Kurozu Ninniku: Garlic Pickled in Black Rice Vinegar
I like pickles made of garlic marinated in a marinade made with soy sauce, which include what I picked up this time at a supermarket “Kurozu Ninniku (黒酢にんにく)”.
Kurozu Ninniku (黒酢にんにく)
In its name, “Kurozu (黒酢)” means “black vinegar” produced from unpolished rice, while “Ninniku (にんにく)” is the word for “garlic”.
Kurozu fermentation and aging take a long time, but the resulting black vinegar is mild compared to regular rice vinegar and rich in amino acids.
In Japan, Kurozu is famous for its health benefits and comes in supplements.
Meanwhile, garlic is also well-known for its powerful medicinal properties and boosts the immune system.
Garlic pickled in Kurozu Vinegar
So I think these peeled garlic cloves pickled in the Kurozu vinegar sauce too are definitely healthy and packed with nutrients.
According to the ingredient list on the back of the package, the marinade consists of soy sauce, sugar, salt, brewed vinegar, and black rice vinegar or Kurozu.

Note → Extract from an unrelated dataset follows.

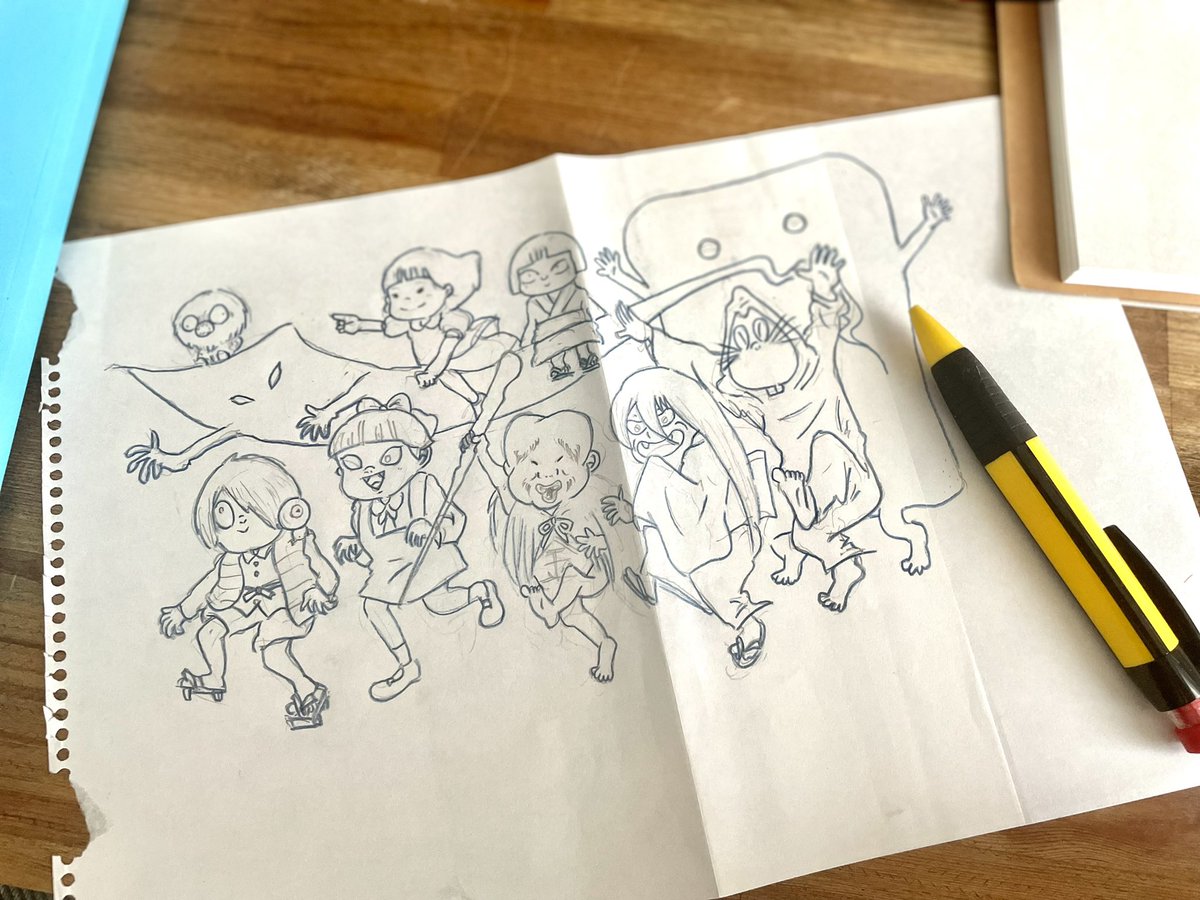0 24 机の整理してて むかし、妖怪好きなお子さんがいるお友達が、どうしても娘に一反木綿に乗っている絵を描いて欲しいって言われて描いた時の下描き出てきた… 水木しげる好きは、こうなるのですよ😇 ちなみに一反木綿の上で指さしてる子が友達の娘さん、隣は座敷わらしw #イラスト #最近鉛筆描き再来 22/08/16 09:06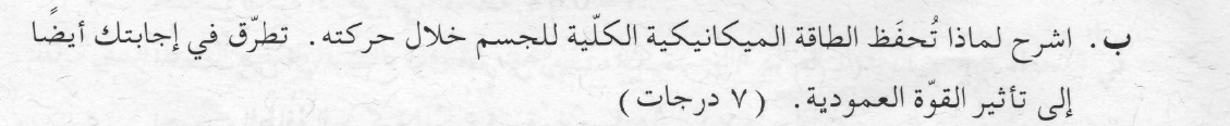 2. يكفي أن تكتب: " تُحفظ الطاقة الميكانيكية لأن قوة الجاذبية فقط هي التي تبذل شغل" .

It is light-tasting but has a good balance between the seasonings and is not vinegary.
These pickled garlic cloves are well-seasoned but retain a pleasant crunchy texture. It is very tasty, and I think almost everyone can enjoy the taste.
Based on this Japanese recipe site, Kurozu Ninniku can be made just by infusing peeled whole garlic cloves in a jar of Kurozu vinegar for over 3 months (desirably for 4 months or more) at room temperature.